ぷらぷらと夜の街を歩きながら、ふとそんなことを考えた。今日は曇りだ、あいにく月は見えない。

わたしは元々旅好き・移動好きな人種なので、長時間電車に乗るということにさほどの苦痛を覚えない。高校生の時も、毎朝片道2時間の通学路をのんびり1人で電車に揺られていた。
別に、辺境の生まれでそうせざるを得なかった、というわけでもなかった。
生粋の首都圏生まれ・首都圏育ちである。
ただ、元来の性格なのか、長く人と付き合うことが苦手で、小中と付き合った友達とサヨナラをして、全く新しい人間関係を作りたいな、と中学3年生の私はそう思っていた。
友人が嫌いになったわけでも、不仲になるような事件があったわけでもない。
クラス委員を毎年やる程度のコミュニケーション能力と、中の下くらいの偏差値。いじめはなかった。
でも、どこか人間関係に冷めていた。

高校に通う片道2時間の通学時間、相棒はもっぱらMDプレイヤーと文庫本だった。何を読んだのかは覚えていないし、何を聴いていたかは曖昧だ。でも、時折通学で使っていた路線を大人になった私がなぞるたび、ふとApple Musicの検索欄に手が伸びる。
友達が好きだったJanne Da Arc、夕焼けを見ながら聴いたスピッツ、Mr.Children。
武蔵野線は、まだ三郷のあたりが地平線も見渡せるようなすすき野原だった気がする。

結局他人との付き合い方のスタンスは大人になっても変わらず、転職を繰り返すたび、人間関係はリセットされた。
寂しさを感じないわけではないが、そこはやはり性格で、無沙汰は無事の便り。などと思っている。
高校生からの電車通学・通勤も、大学社会人と続いたが、大人になった今も何が良いのか片道1時間の通勤を続けている。

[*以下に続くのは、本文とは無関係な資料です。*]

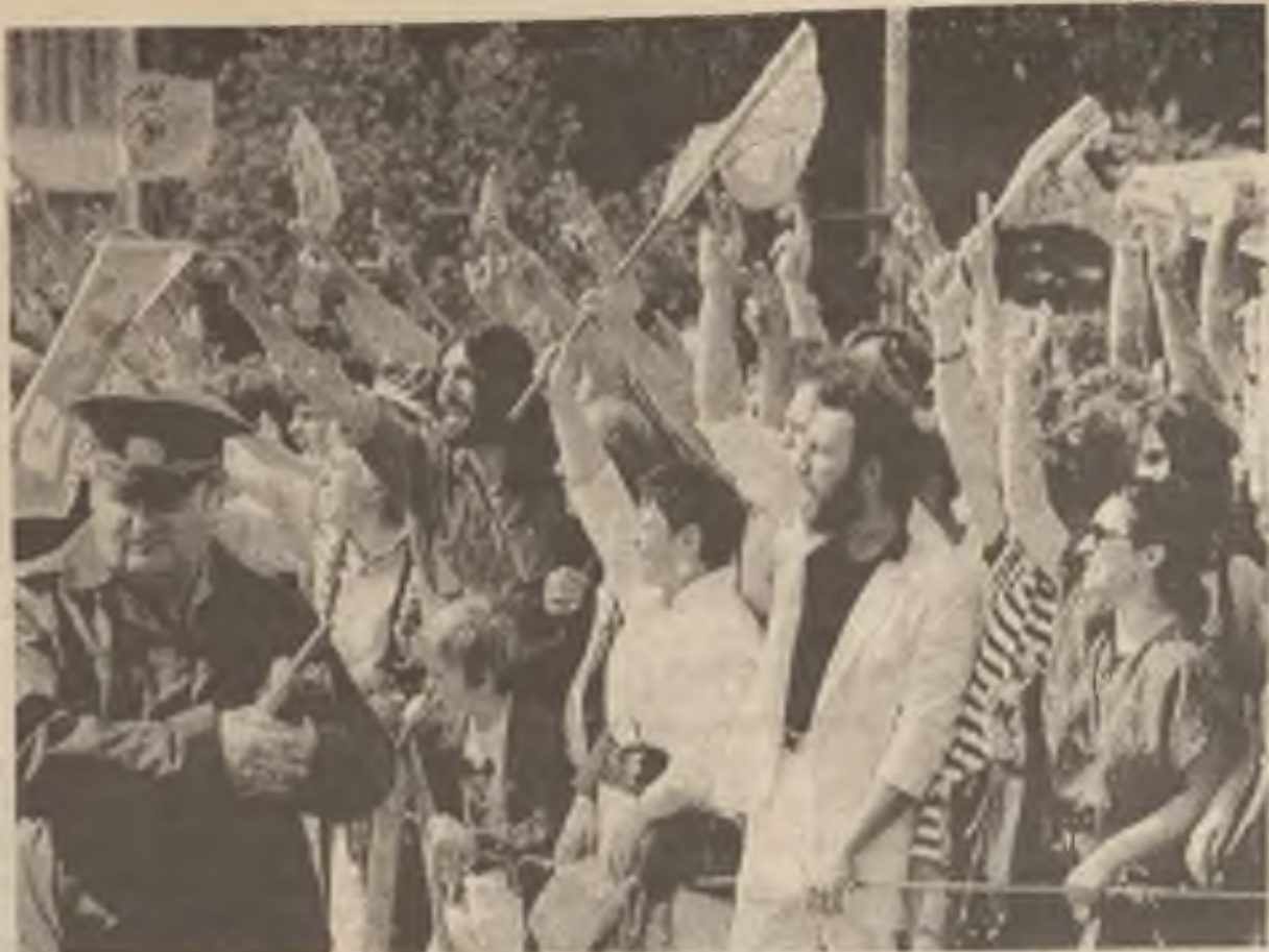
Vůdce opozice proti bulharské Socialistické straně řekl, že budou i nadále bojovat proti dřívějším komunistům, přes to že zvítězili v nedělních volbách. Desetitisíce zastánců opozice korzovalo po ulicích Sofie a demonstrovalo před budovou Národního shromáždění

Japonští výrobci automobilů spěchají do Evropy, aby nepřišli pozdě. Pronikají kde se dá, jakýmkoli způsobem. Tak firma Nissan otevřela svou evropskou základnu v malých panelových chatkách v Sunderlandu. Zde jsou na rýsovacích prknech připravovány plány pro první japon-
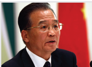
Wen Jiabao, que hizo testamento político en la sesión anual de la APN
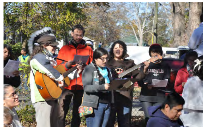
Met z'n allen zingen
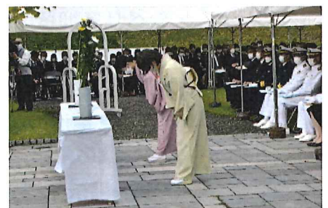
△式典での献花の様子

「舞鶴引き揚げの日」である10月7日(土)に平和祈念式典と食の体験イベント等を舞鶴引揚記念公園で開催する予定です。
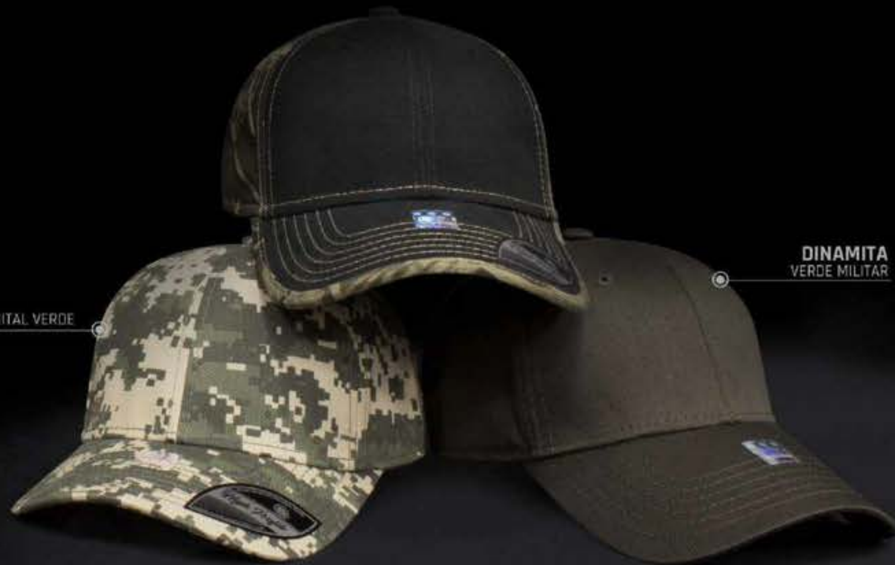
DINAMITA VERDE MILITAR
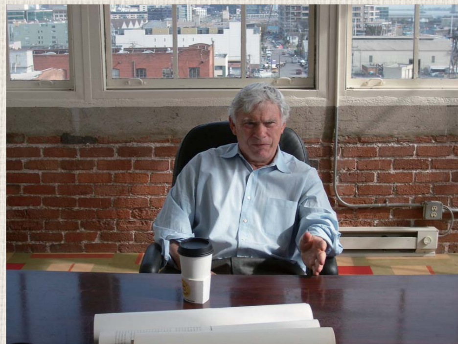
スタンフォードを卒業したばかりのハップ・クロップは、スリーピングバッグを作る小さなショップに資金提供。その後社長となり、ザ・ノース・フェイスの歴史を作り上げた。
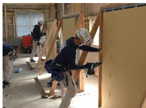
内装仕上げ施工 (基礎級)
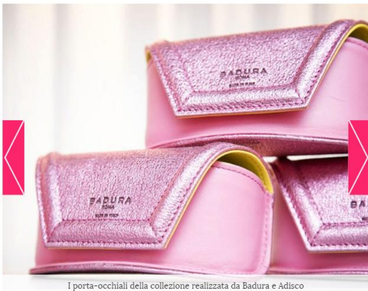
I porta-occhiali della collezione realizzata da Badura e Adisco
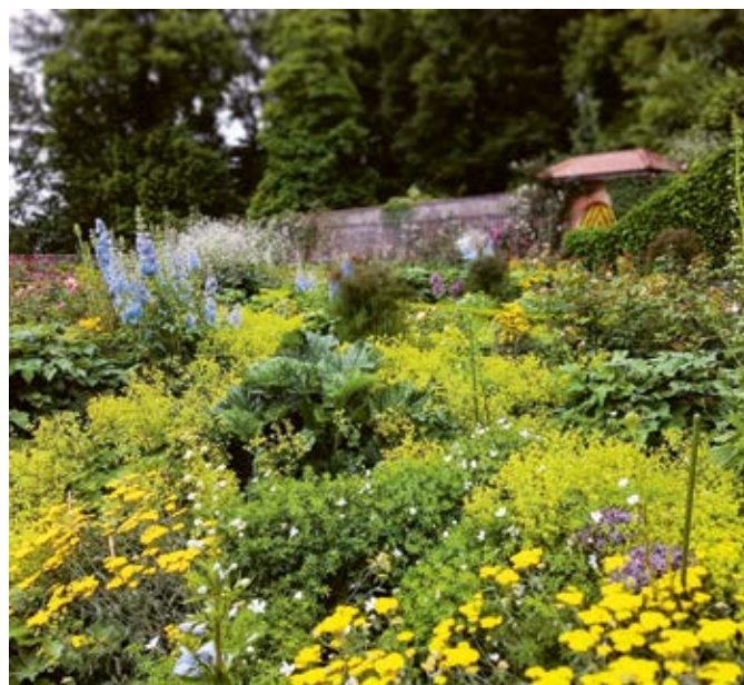
Die natürliche Langzeitwirkung ist eine grundsätzliche Eigenschaft der Bio-Dünger.

Alle erwähnten Produkte sind in der Schweiz vom Forschungsinstitut für Biolandbau zugelassene Hilfsstoffe (FiBL-Betriebsmittelliste).
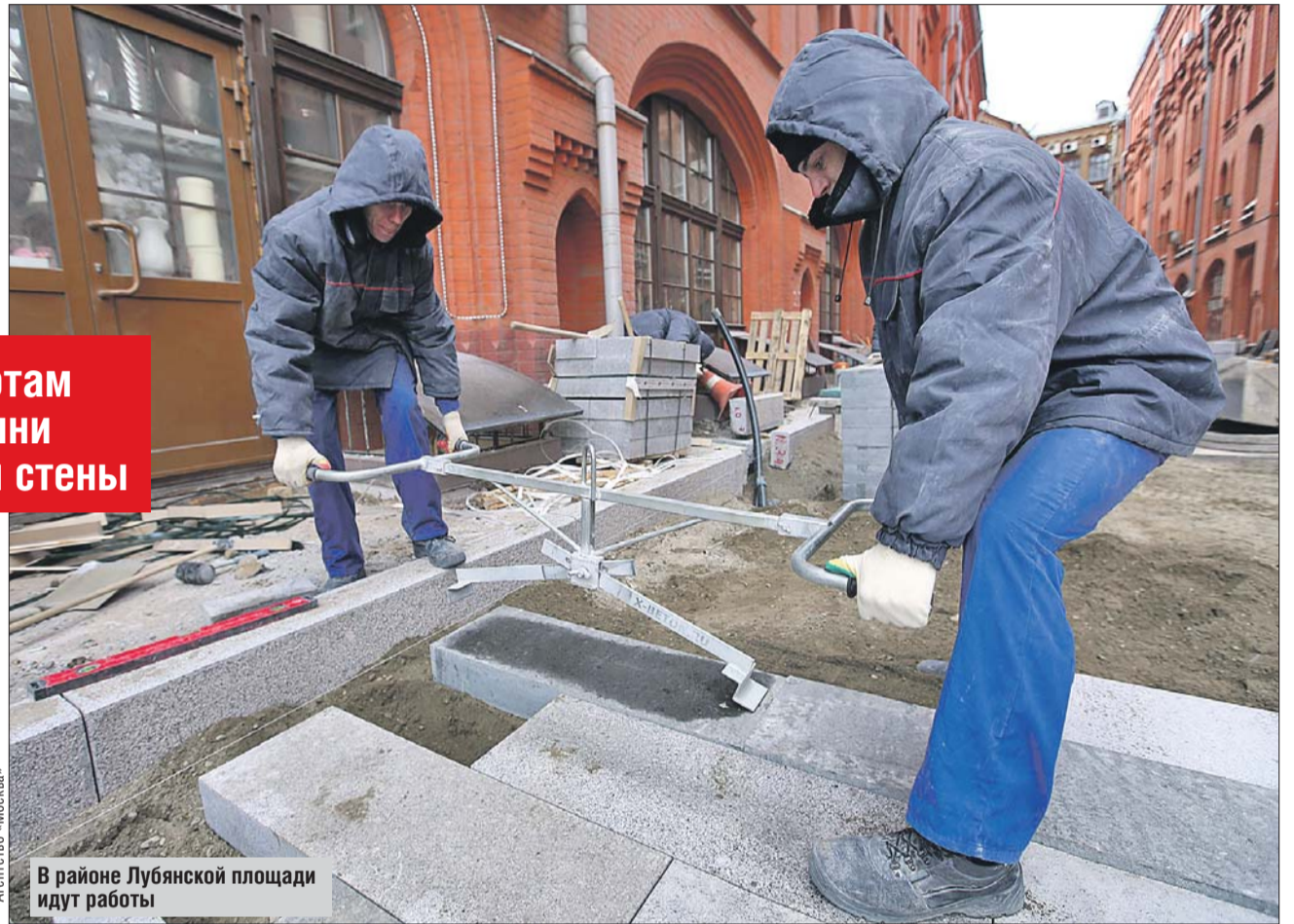
В районе Лубянской площади идут работы

Во время ремонта водопровода на Славянской площади археологи на глубине 2 метров нашли фрагменты белокаменно-
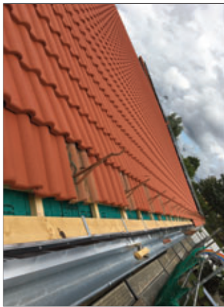
Dachinstandsetzung bei der Ausführung

Im Herbst 2023 wurde im Hortbereich der Grundschule Sachsdorf ein Wassereintritt durch auftretende Feuchtigkeitsschäden in der Decke festgestellt. Bei der Ursachensuche stellte sich heraus, dass gebrochene Dachziegel, verursacht durch fehlerhaft montierte Halterungen der Photovoltaikanlage, das Problem verursacht hatten. Durch die beschädigten Ziegel drang Wasser in die Dachkonstruktion ein. Umgehend wurde durch den Bauhof und den Hausmeister als Notmaßnahme eine Plane über die beschädigte Fläche gespannt, um eine weitere Schadensausbreitung zu verhindern.
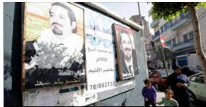
ما زال سكان المنطقة تجاه موقفهم تجاه الرئيس، لا يك ينظرونه (أضرب)
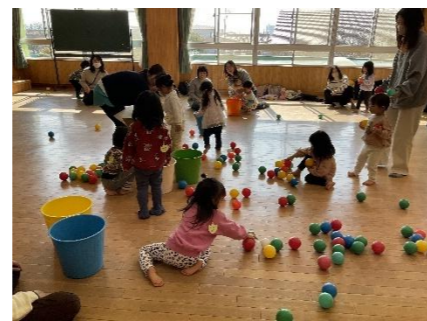
【にこにこルームの様子】
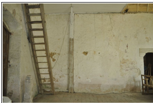
Vue de la partie occidentale du mur nord.
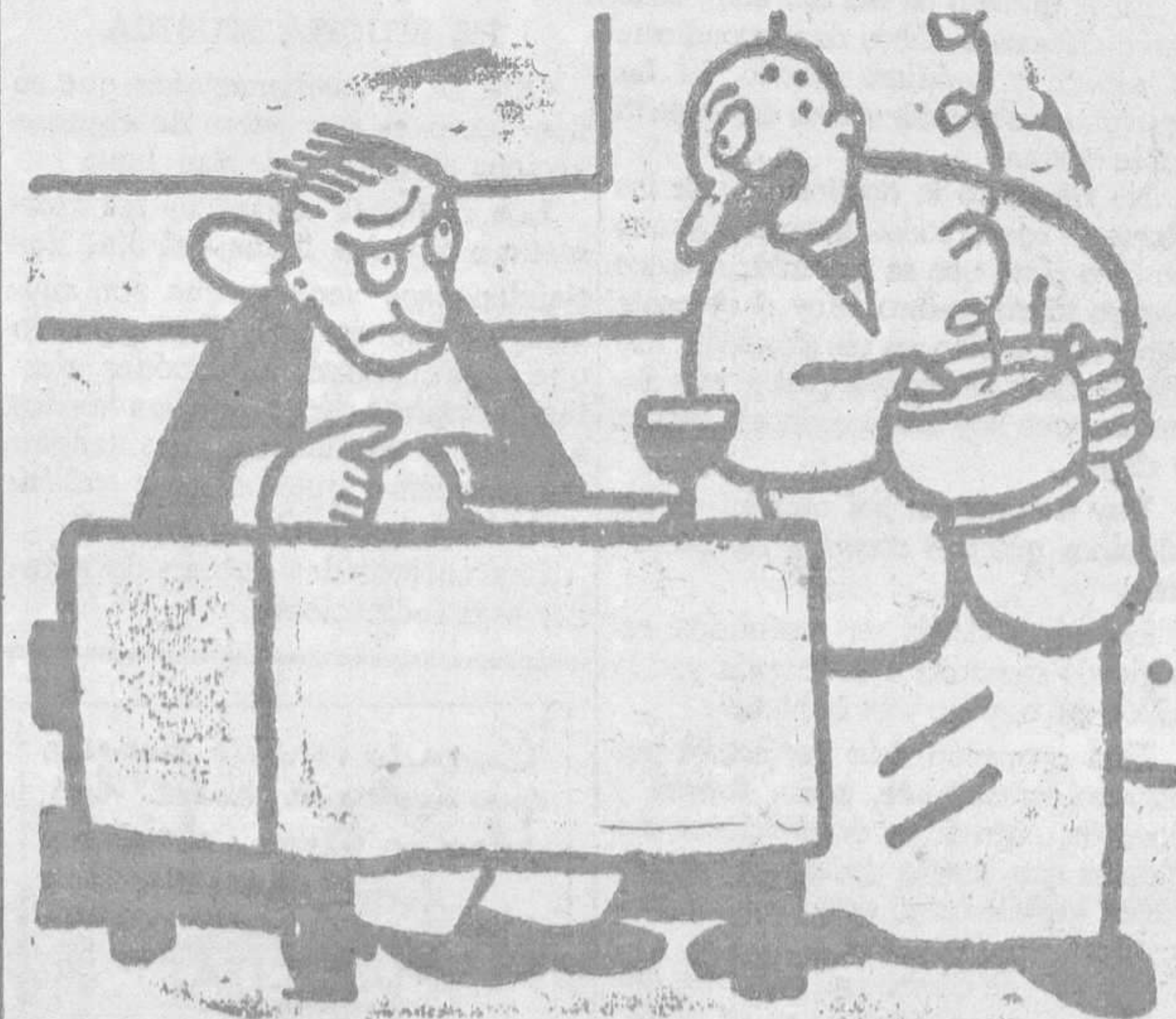
—¡Pero hombre, que está usted metiendo los dedos en la sopal —No importa. Voy a lavarme ahora las manos.
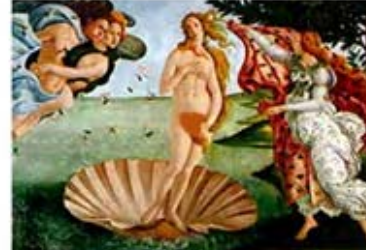
۵۲. تولد ونوس - بوتیچلی - سده ۱۵ م - [۴۶]
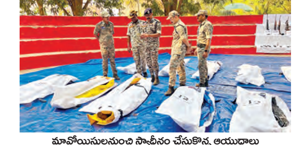
మావోయిస్టులనుంచి స్వాగీనం చేసుకొన్న ఆయుధాలు

చర్ల, మార్చి 29 ప్రభాతవార్త ప్రతినిధి: దండకారణ్యంలో ( ఆడవి) లో ఆకు రాతే కాలం అన్నలకు కష్టం కాలం ఈ వేసవి నాలుగు నెలల వ్యవధిలో ఉద్యమంలో అనేక అటూర్లును ఎదుర్కోవాల్సి వస్తుంది. ఇంతటి దారుణ పరిస్థితిలో తలదాచుకోవడం సవాళ్లతో కూడిన అంశం ఇటువంటి క్షిప్ర సమయంలో మావోయిస్టుల ఏరివేత సునాయంగా సాధించడం వచ్చిన కేంద్రం ప్రభుత్వం మరింత దూకుడు ప్రదర్శిస్తుంది. కేంద్రం చీఫ్ సెక్యూరిటీ రాష్ట్ర ఇంటిలిజెన్స్ వర్గాల సూచనలకు అనుగుణంగా భద్రతా బలగాలు అదవులను జర్రెడ పడుతున్నావు. ఈ క్రమంలో వరస ఎన్కౌంటర్లు జరుగుతున్నాయి. చీఫ్ సెక్యూరిటీ రాష్ట్రంలోని
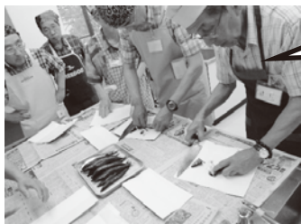
鰯の手開きに挑戦！

もちろん、あの頃と違って朝早起きなんてできなくなったし、帰りはヘトヘトになるくらい疲れ果てている。それでも、耳にはイヤホンをつけて好きな音楽を聴き、あの頃と変わらず窓の外の景色を楽しんだり、浮かんだ言葉をノートに書き留め、景色の代わりにファイルしたりしている。

人間五十年、下天のうちを比ぶれば…

信長はそんな一節を唄ったなんていうけれど、37才の私はあとどれくらいの時間を電車の中で過ごすのだろう。

たくさんの夕日を、月を、眩しい太陽をまだまだ見られるだろうか。
50年目の私は、ああ、いい人生だった。そう言って
電車から降りられるだろうか。

如月の満月などとうに終わった何でもない夜に、そんなことを考えている。